Ce qu’il y a de chouette quand on écrit des textes pour Le ciné-club de M.Bobine, c’est qu’on peut s’autoriser n’importe quel angle et n’importe quelle durée (dans la limite du raisonnable) pour causer de cinéma. Du coup, après avoir tenté des focus sur un duo de producteurs (Don Simpson et Jerry Bruckheimer), une année (1999) et un effet spécial (le de-aging), j’ai eu envie de m’intéresser à … une ville.
Avec ses 2,7 millions d’habitants, Chicago (également connue sous les noms Windy City ou Second City) est la la troisième ville des États-Unis en termes de population. Dès lors, il n’y a à priori rien d’exceptionnel à la voir figurer juste derrière les incontournables New York et Los Angeles en termes de présence sur le grand écran. Pourtant la représentation de Chicago au cinéma aura connu des hauts et des bas tout au long du 20ème siècle. On peut même carrément parler de traversée du désert entre les années 30 et 50, où les tournages sur place se comptent sur les doigts d’une main.

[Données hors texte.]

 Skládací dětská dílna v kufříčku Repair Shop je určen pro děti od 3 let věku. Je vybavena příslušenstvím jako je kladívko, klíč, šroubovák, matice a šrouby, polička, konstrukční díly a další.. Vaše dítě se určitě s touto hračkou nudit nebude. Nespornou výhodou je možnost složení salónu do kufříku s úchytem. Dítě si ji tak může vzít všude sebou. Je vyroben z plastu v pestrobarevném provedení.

Le retour de Chicago s’amorce timidement à la fin des sixties, alors que le système des studios vacille et que la nouvelle génération n’aspire qu’à filmer dans des décors authentiques. Mais c’est à l’aube des glorieuses 80’s, avec Les Blues Brothers, que la renaissance s’accomplit réellement. John Belushi et Dan Aykroyd sont très loin d’être les seuls à chanter joyeusement ♪Sweet Home Chicago♫ En effet, dans les décennies suivantes, des dizaines et des dizaines d’artistes vont se relayer consciencieusement, pour déclarer par films interposés leur amour infini pour leur ville de naissance ou de cœur. Citons quelques noms : Michael Mann, David Mamet, Harold Ramis, John Hughes, Mike Myers, John Cusack, Andrew Davis ou encore les sœurs Wachowski.
Il m’aura fallu quelques longs mois pour faire le tri au milieu d’un corpus assez gigantesque de films exploitant plus ou moins habilement l’histoire et la géographie de Chicago (et au moins autant à mon camarade Julien Pavageau pour assurer le montage de l’épisode !). J’espère que le résultat rend à peu près justice à cette ville de cinéma unique en son genre dont il faudra bien que j’aille un jour arpenter les rues pour de vrai !

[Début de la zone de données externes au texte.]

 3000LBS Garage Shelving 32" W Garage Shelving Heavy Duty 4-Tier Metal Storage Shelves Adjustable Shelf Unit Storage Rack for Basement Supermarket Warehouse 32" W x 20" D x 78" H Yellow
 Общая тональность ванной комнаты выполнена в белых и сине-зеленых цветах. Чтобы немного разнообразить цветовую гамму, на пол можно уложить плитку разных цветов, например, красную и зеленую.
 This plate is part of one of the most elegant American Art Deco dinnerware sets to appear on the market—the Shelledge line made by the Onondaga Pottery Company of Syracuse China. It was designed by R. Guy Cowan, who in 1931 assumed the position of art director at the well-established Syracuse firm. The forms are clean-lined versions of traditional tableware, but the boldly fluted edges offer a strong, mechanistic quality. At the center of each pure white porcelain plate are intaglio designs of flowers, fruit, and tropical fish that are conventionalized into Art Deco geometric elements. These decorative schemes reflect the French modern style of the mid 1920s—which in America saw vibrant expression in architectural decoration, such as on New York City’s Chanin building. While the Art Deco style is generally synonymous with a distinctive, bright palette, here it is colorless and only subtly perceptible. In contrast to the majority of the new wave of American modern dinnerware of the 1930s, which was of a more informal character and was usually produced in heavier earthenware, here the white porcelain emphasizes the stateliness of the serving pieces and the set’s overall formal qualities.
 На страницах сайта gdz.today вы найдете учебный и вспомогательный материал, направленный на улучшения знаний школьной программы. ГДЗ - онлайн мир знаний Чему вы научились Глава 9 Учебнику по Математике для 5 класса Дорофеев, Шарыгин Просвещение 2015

En 2018, peu de temps après avoir bouclé l’épisode de M. Bobine sur le Côté Obscur de Steven Spielberg exprimé au travers de son rapport compliqué avec Indiana Jones et le temple maudit, je me suis dit que ce serait intéressant de faire à peu près la même chose avec son copain George Lucas et sa grande œuvre, Star Wars. Vu le nombre d’exégèses déjà consacrées à cette saga foisonnante et ultra populaire, j’ai préféré me concentrer de nouveau sur un point très spécifique. À savoir le personnage de Dark Vador et la révélation de sa véritable identité à fin de L’Empire contre-attaque dans ce qui est considéré généralement comme le plus grand twist de l’histoire du cinéma.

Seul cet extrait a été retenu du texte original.